Sgt. Joseph Gardner guides a vehicle out of the Camp Edwards motor pool.

SETH ROBSON / S&S

By SETH ROBSON | STARS AND STRIPES Published: November 9, 2004

CAMP EDWARDS, South Korea — With the closure of Camp Edwards, the 2nd Infantry Division’s Western Corridor home base, the division’s road crew is on its way to Camp Casey.

The last big convoy of 82nd Engineer Company (combat support equipment) vehicles left Edwards on Friday, shifting dozens of bulldozers, scrapers, vibe rollers, graders, trucks and other road construction equipment to Casey.

Capt. Saiprasad Srinivasan, commander of Camp Edwards and the 82nd Engineers, said by next week the unit’s operations will be run from Camp Casey with just a few soldiers left at Edwards to clean up. The veteran of three South Korean tours, including the past 10 months at Edwards, said he was sad to see the base close.

The facility also is home to 168th Medical Company, 618th Medical Battalion and a Korean Service Corps construction platoon that built villages used to train 2nd ID soldiers deploying to Iraq this summer, Srinivasan said.

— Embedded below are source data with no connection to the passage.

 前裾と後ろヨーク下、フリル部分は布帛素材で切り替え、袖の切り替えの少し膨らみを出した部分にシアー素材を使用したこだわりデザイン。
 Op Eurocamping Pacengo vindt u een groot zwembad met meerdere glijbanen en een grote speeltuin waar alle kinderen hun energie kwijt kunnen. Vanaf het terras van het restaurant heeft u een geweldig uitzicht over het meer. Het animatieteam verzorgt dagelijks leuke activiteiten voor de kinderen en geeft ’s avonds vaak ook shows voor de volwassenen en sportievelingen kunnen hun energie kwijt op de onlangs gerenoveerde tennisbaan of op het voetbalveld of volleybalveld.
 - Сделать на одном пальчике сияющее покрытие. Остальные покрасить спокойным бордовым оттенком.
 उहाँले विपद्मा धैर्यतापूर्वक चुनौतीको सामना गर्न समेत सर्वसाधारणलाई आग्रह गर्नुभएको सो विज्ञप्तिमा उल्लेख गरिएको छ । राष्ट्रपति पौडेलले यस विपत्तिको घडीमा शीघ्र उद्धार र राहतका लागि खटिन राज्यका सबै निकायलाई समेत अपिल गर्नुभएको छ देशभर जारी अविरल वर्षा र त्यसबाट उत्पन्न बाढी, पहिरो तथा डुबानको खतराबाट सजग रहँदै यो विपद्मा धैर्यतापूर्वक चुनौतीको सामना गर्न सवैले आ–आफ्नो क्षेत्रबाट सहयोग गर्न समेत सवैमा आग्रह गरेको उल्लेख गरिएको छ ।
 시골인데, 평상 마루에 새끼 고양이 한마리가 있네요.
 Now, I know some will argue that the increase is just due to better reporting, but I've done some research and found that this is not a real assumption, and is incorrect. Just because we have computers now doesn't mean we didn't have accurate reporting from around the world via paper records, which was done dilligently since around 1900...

In 2000, Camp Edwards’ commissary moved to Camp Howze, which also is closing, but still at Edwards, he said, are a gymnasium, KATUSA snack bar, library, dining facility, outdoor swimming pool and the Wolverine Inn.

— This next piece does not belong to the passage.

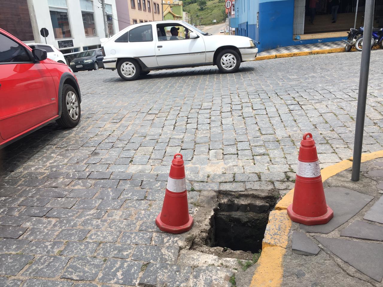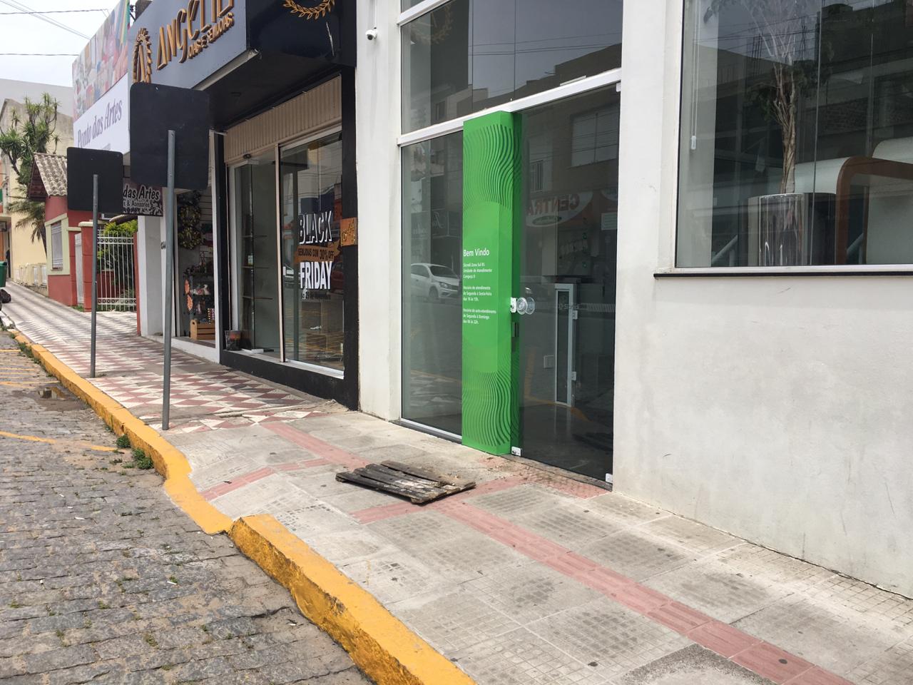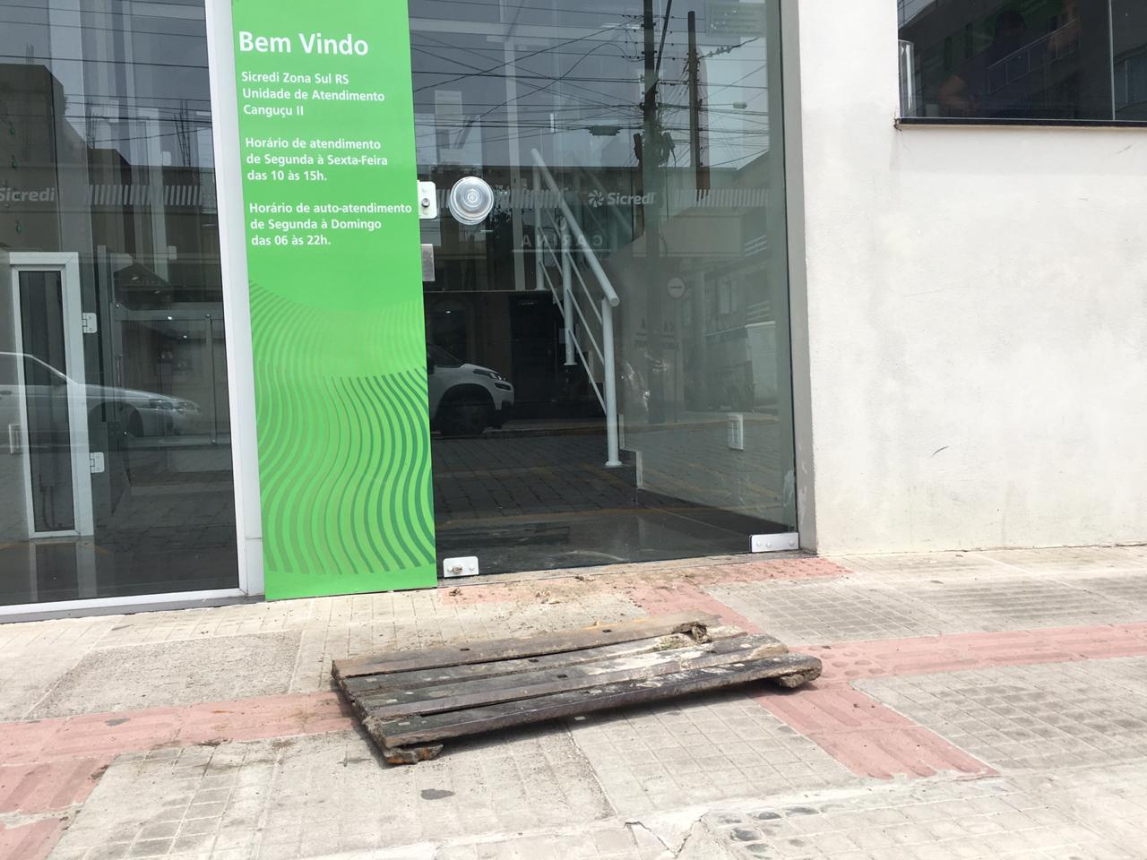 No cruzamento com a rua Osvaldo Aranha, uma tampa de bueiro foi arrancada e foi levada até a calçada em frente à Cooperativa Sicredi. O objeto pode ter sido usado para uma tentativa de entrada na agência.

The base launched many road works projects the U.S. military required in Area I, Srinivasan said.

“We cover almost 200 square kilometers from here to the Korea Training Center and as far south as Camp Humphries on occasion. When we have floods we have to repair ford sites for heavy vehicles. This summer while we were training the 2nd Brigade Combat Team [for its Iraq mission], there was a lot of mud being tracked on the roads at Chaparral Training Area and we laid a lot of gravel,” Srinivasan said.

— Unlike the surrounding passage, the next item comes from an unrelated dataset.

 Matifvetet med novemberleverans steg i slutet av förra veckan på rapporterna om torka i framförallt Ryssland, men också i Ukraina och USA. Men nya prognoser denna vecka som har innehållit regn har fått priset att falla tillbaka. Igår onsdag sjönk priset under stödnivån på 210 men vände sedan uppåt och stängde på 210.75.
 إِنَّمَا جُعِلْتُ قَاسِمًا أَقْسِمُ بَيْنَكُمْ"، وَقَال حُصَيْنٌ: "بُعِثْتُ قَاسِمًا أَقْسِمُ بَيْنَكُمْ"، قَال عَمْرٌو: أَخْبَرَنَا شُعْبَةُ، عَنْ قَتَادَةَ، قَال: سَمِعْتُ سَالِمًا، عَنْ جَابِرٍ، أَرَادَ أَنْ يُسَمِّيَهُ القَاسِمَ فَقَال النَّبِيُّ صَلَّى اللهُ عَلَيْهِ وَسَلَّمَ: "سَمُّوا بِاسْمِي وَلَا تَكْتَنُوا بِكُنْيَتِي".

Camp Edwards’ two motor pools house road construction equipment, which is being moved to Camp Casey. The 82nd operates 110 vehicles, including 26,000-lb. compactors, 63,000-lb. scrapers and 26,000-lb. vibe rollers.

Some of the equipment could be driven to Camp Casey, but other pieces had to be hauled on trailers, Srinivasan said.

“In a lot of ways the move is going to be beneficial. We do parts runs every day where we have to drive to Camp Casey and back, so a lot of those individual movements are going to be consolidated in one place,” he said.

However, leaving Camp Edwards is emotional for the commander.

“I have been here longer than most soldiers. I first came to the Western Corridor in 1996 with the 44th Engineer Battalion [now serving in Iraq],” said Srinivasan, who is looking after the 44th’s mascot, a large dog named Bruno.

An advance party already had been at Camp Casey for several weeks preparing buildings for the bulk of the company, he said. “By next week the focus at Camp Edwards will be closing out and cleaning up.”

The 82nd had a special relationship with the town, hosting a Halloween Party for children from a local orphanage, he said.

One of the soldiers helping prepare equipment for the move, Pvt. Julio Villanueva, 22, of Chicago, said his room at Camp Casey will be smaller than his room at Camp Edwards, but he’s looking forward to being in a larger camp with a post exchange.

Another soldier helping with the move, Sgt. Joseph Gardner, 28, of Shreveport, La., spent two years at Camp Edwards and remembers climbing up the hill behind the camp to view Paju and the surrounding mountains and countryside. “I’ll miss it, but like everything you have to move on,” he said. “We are going to a bigger installation with a lot more people around.”

Camp Casey’s new motor pool will be an improvement over Edwards’s two motor pools, Gardner said: “There we will all be together.”


A bulldozer is carried out of the Camp Edwards motor pool on Friday, bound for a new home at Camp Casey.